Wednesday, October 13th, 2021

Bold Native

Published on July 19, 2010 by   ·   552 Comments Pin It

Merely calling Bold Native an animal-rights movie would be selling it short. Although the new feature film follows Charlie Cranehill, an animal liberator wanted by the United States government for domestic terrorism, the film could just as easily be about any fight for justice. At heart, it’s an adventure movie about life, love and freedom that is both inspirational and challenging. It doesn’t hurt that Charlie, the hero of the film, is easy on the eyes and his partner-in-crime Sonja is so funny.. you kinda wish she was your best friend.

Before setting out for the east coast premieres, Girlie Girl Army caught up with Denis Henry Hennelly, writer and director of Bold Native; Casey Suchan, producer and editor; and Joaquin Pastor who plays Charlie and scored the music for the film. They talked about veganism, growing up in the Midwest and working for (gasp) McDonald’s. Oh and they also discussed the film a little bit too.

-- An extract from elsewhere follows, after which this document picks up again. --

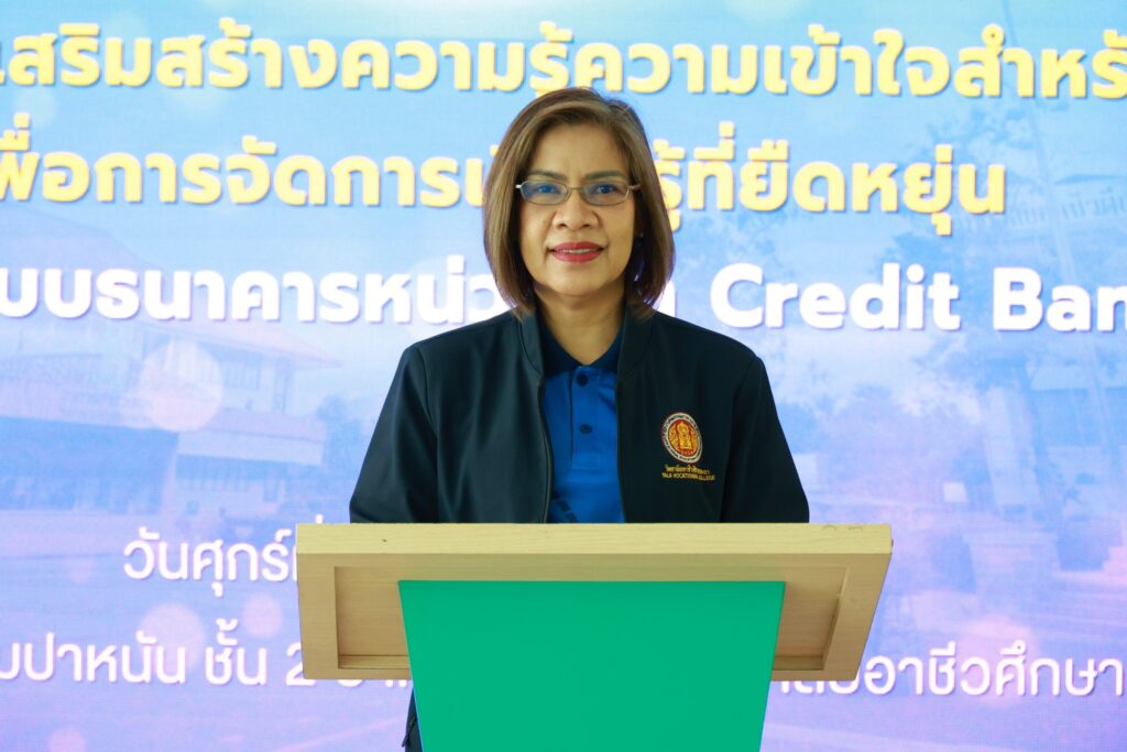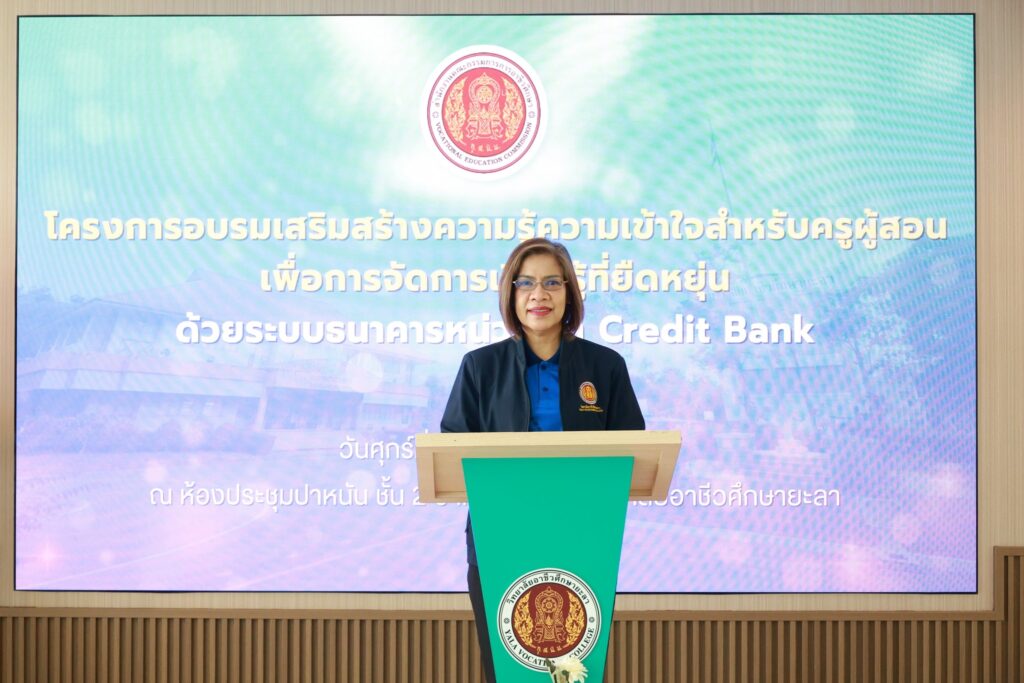 นางประกายแก้ว ศุภอักษร ผู้อำนวยการวิทยาลัยอาชีวศึกษายะลา เป็นประธานพิธีเปิดโครงการอบรมเสริมสร้างความรู้ความเข้าใจสำหรับครูผู้สอน เพื่อการจัดการเรียนรู้ที่ยืดหยุ่น ด้วยระบบธนาคารหน่วยกิต Credit Bank โดยมี นายพงศธร วรรธนะปิติ รองผู้อำนวยการฯ ฝ่ายบริหารทรัพยากร เป็นผู้กล่าวรายงาน ซึ่งได้รับเกียรติจาก นายวิเชียร บุญเตี่ยว ผู้อำนวยการวิทยาลัยเทคนิคสตูล บรรยายให้ความรู้แก่คณะครู และบุคลากรทางการศึกษา ณ ห้องประชุมปาหนัน วิทยาลัยอาชีวศึกษายะลา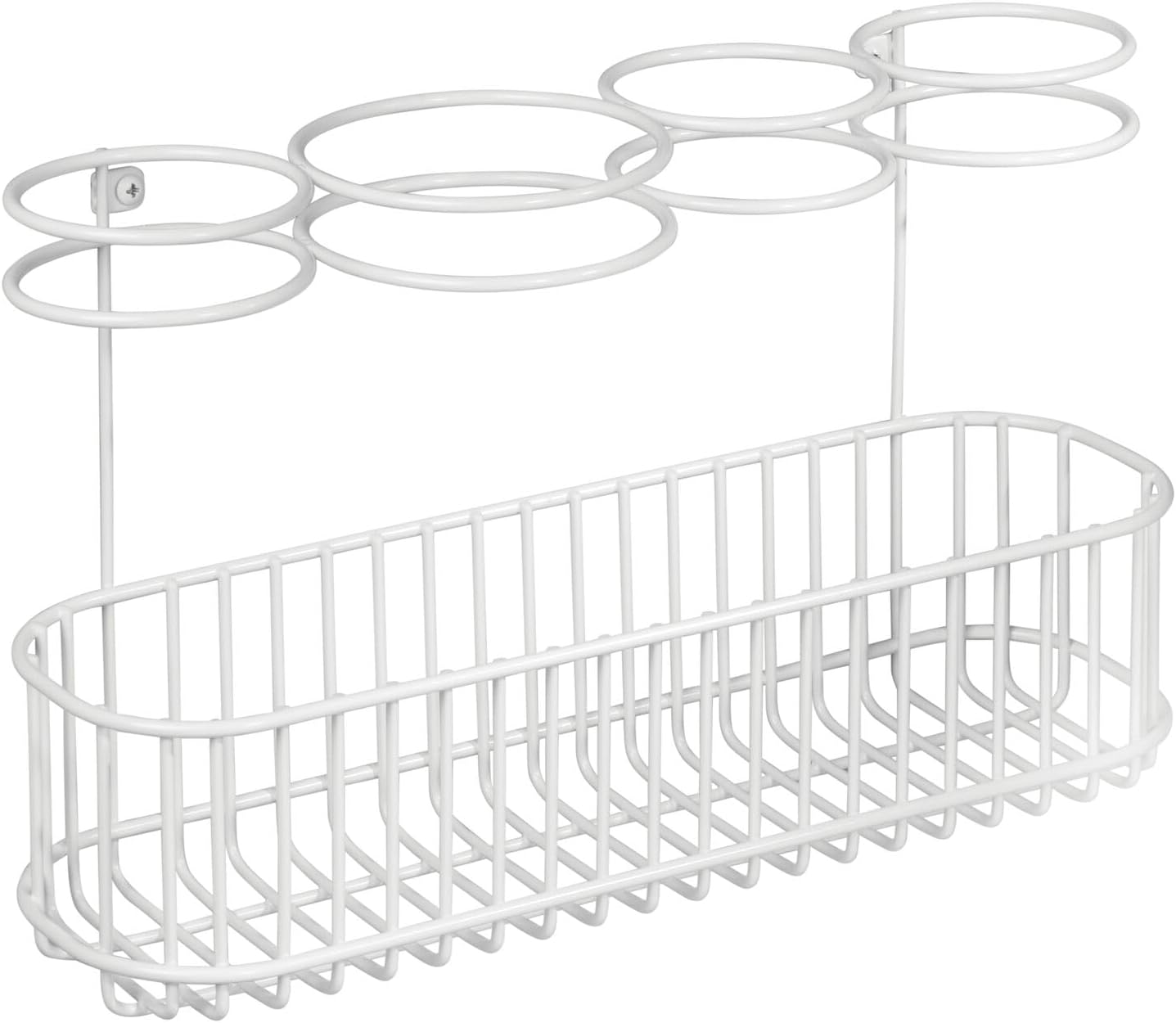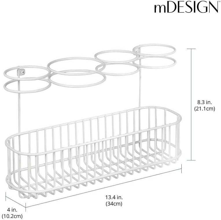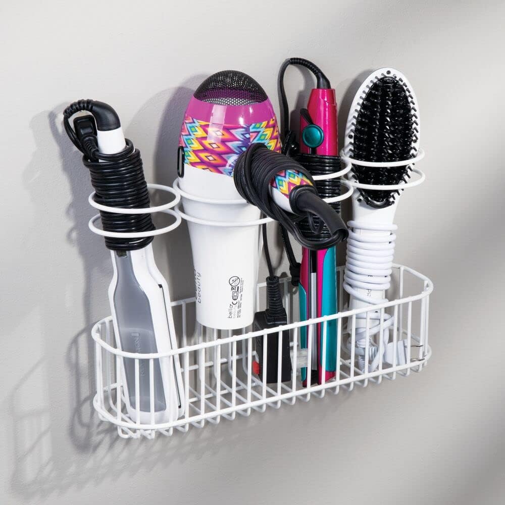 Avis et témoignages clients sur : mDesign Support Sèche-Cheveux – Salle de Bain Fer à Lisser et Séchoir à Cheveux – Panier Suspendu en Métal pour Appareils Chauffants – Blanc

Girlie Girl Army: Denis, what inspired the film and what is it about for you?

Denis Henry Hennelly: When we first started thinking about the script in 2001, the FBI had already identified the ALF and ELF as the number one domestic terrorists, which to us, was shocking. That sort of shock that a group of essentially nonviolent lawbreakers was considered the number one domestic terrorist threat was really the seed of the story.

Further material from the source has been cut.